- What to produce
Before printing, remove every picture; then print the lines below exactly, from the first line through the line containing "HUGE Yard Sale".

[Records from a data collection]
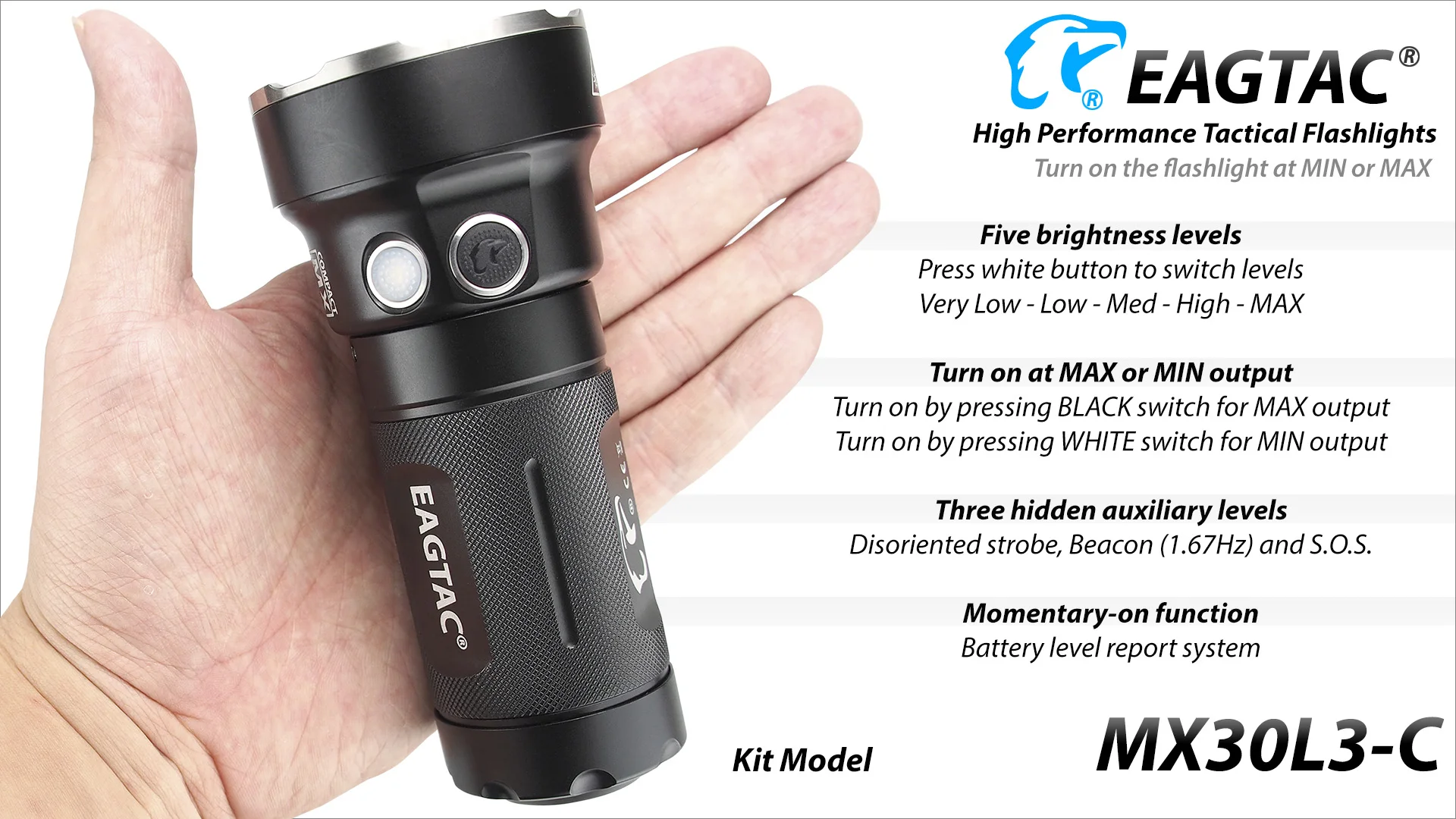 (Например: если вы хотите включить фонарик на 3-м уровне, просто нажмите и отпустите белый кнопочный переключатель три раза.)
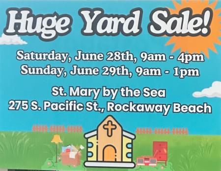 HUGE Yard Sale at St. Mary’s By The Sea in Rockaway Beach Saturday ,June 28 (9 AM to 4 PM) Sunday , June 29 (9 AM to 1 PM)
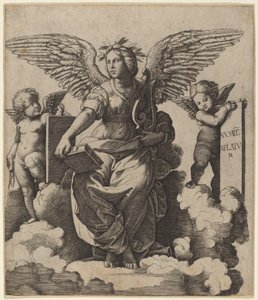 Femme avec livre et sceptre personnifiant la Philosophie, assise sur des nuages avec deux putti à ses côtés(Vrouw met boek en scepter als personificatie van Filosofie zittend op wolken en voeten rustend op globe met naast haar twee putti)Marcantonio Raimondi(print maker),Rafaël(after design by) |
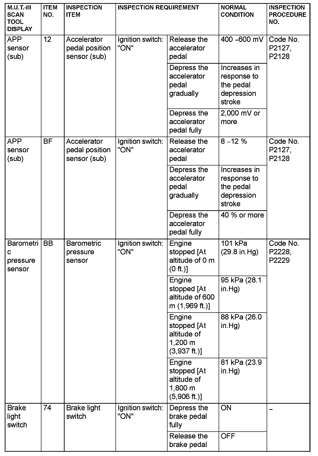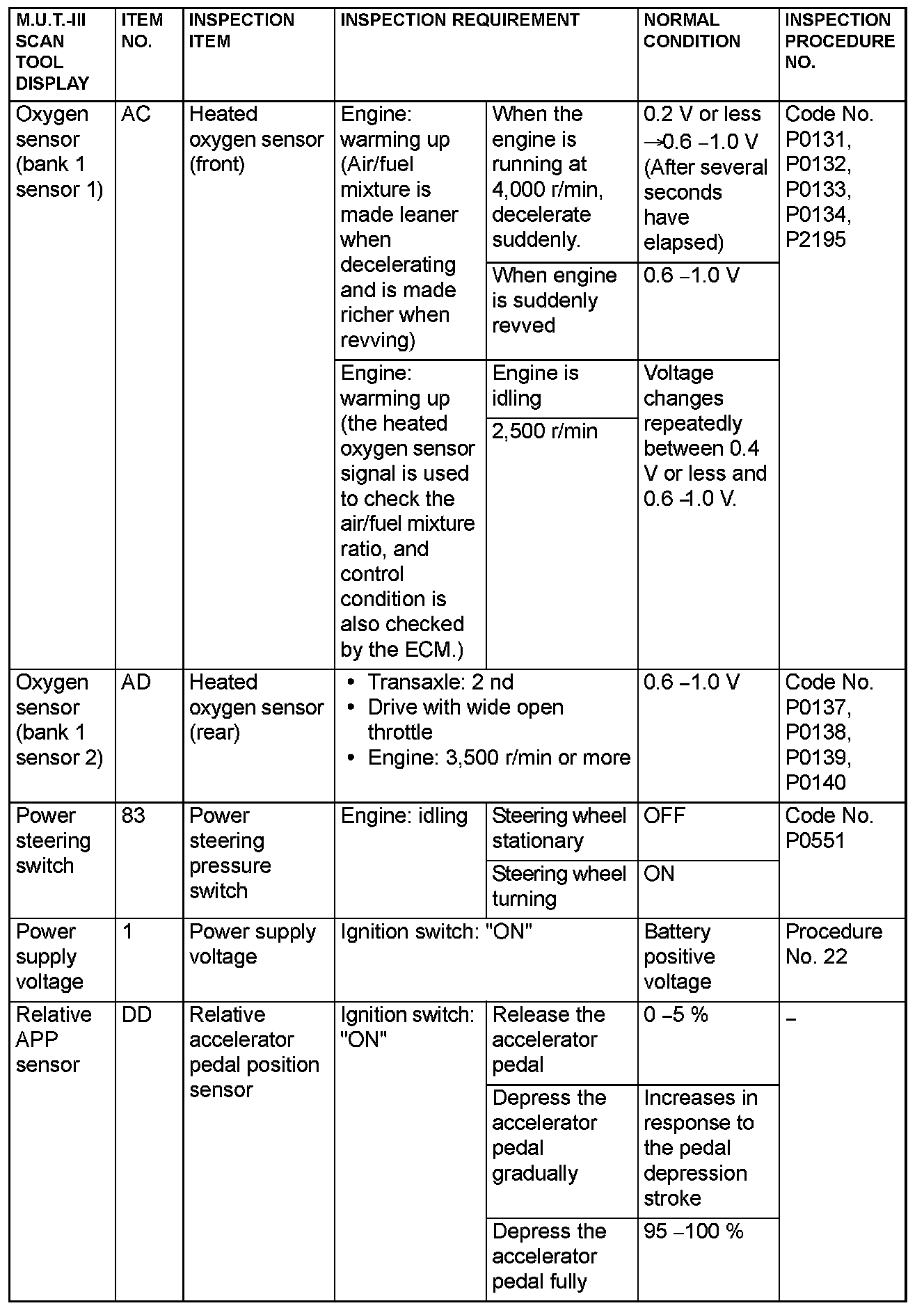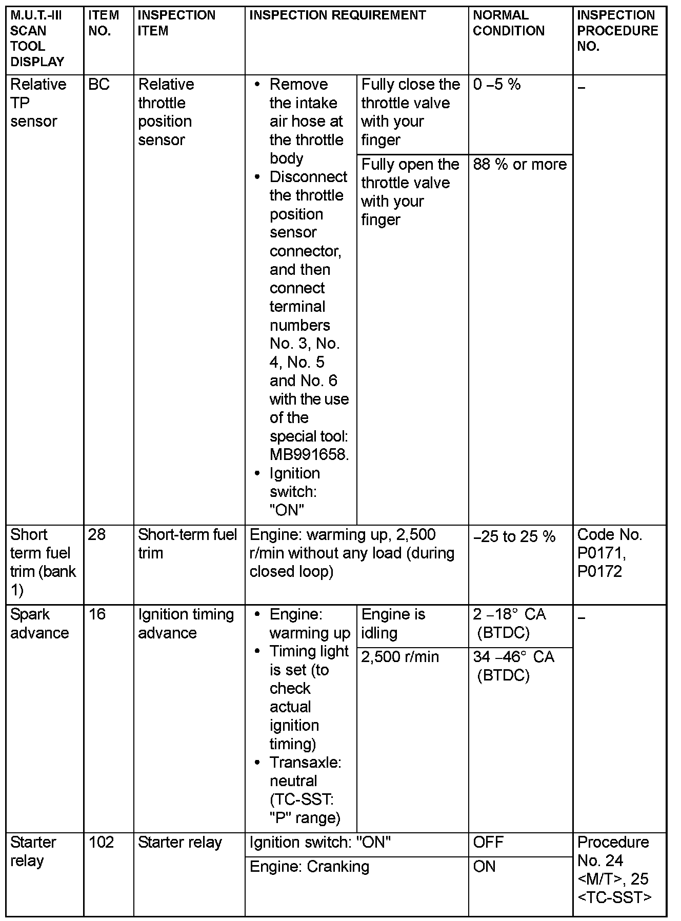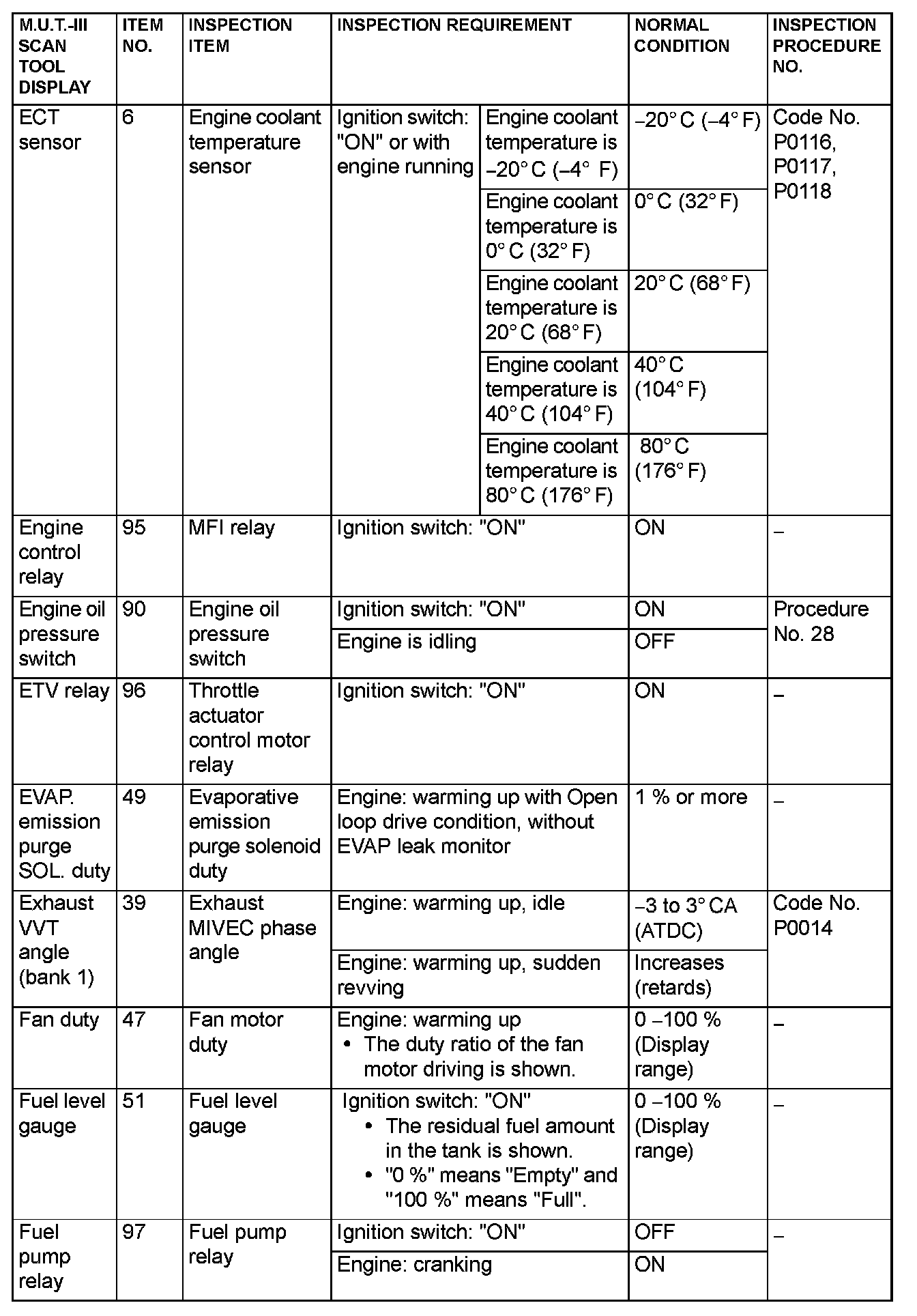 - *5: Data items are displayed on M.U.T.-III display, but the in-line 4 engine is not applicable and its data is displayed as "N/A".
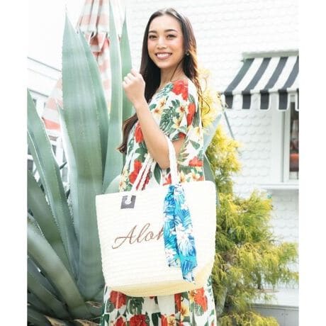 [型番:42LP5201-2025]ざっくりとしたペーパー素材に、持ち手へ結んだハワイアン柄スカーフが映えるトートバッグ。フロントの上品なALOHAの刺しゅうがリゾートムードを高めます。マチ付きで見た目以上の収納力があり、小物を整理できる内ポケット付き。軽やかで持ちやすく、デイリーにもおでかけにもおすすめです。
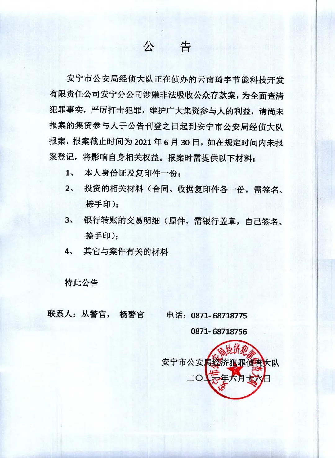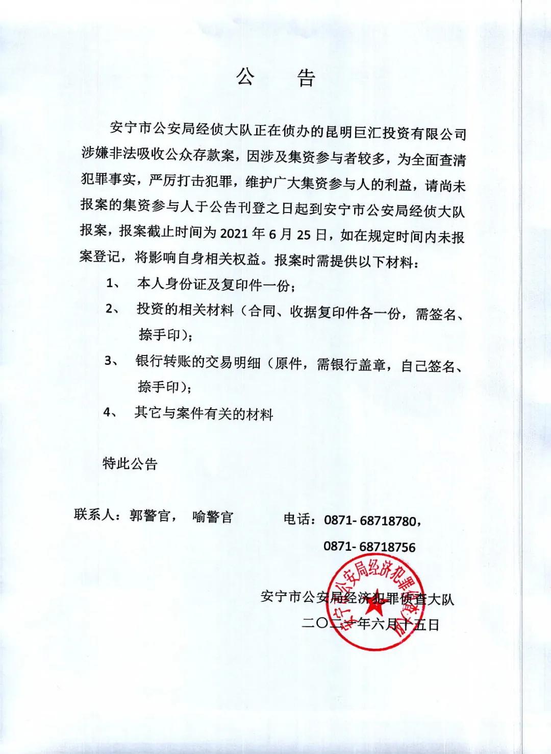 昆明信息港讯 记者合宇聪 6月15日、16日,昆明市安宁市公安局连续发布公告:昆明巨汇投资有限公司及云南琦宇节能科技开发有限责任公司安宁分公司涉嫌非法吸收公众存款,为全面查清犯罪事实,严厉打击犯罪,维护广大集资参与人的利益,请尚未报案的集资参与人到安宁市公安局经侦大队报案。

- Task answer
 (Например: если вы хотите включить фонарик на 3-м уровне, просто нажмите и отпустите белый кнопочный переключатель три раза.)
 HUGE Yard Sale at St. Mary’s By The Sea in Rockaway Beach Saturday ,June 28 (9 AM to 4 PM) Sunday , June 29 (9 AM to 1 PM)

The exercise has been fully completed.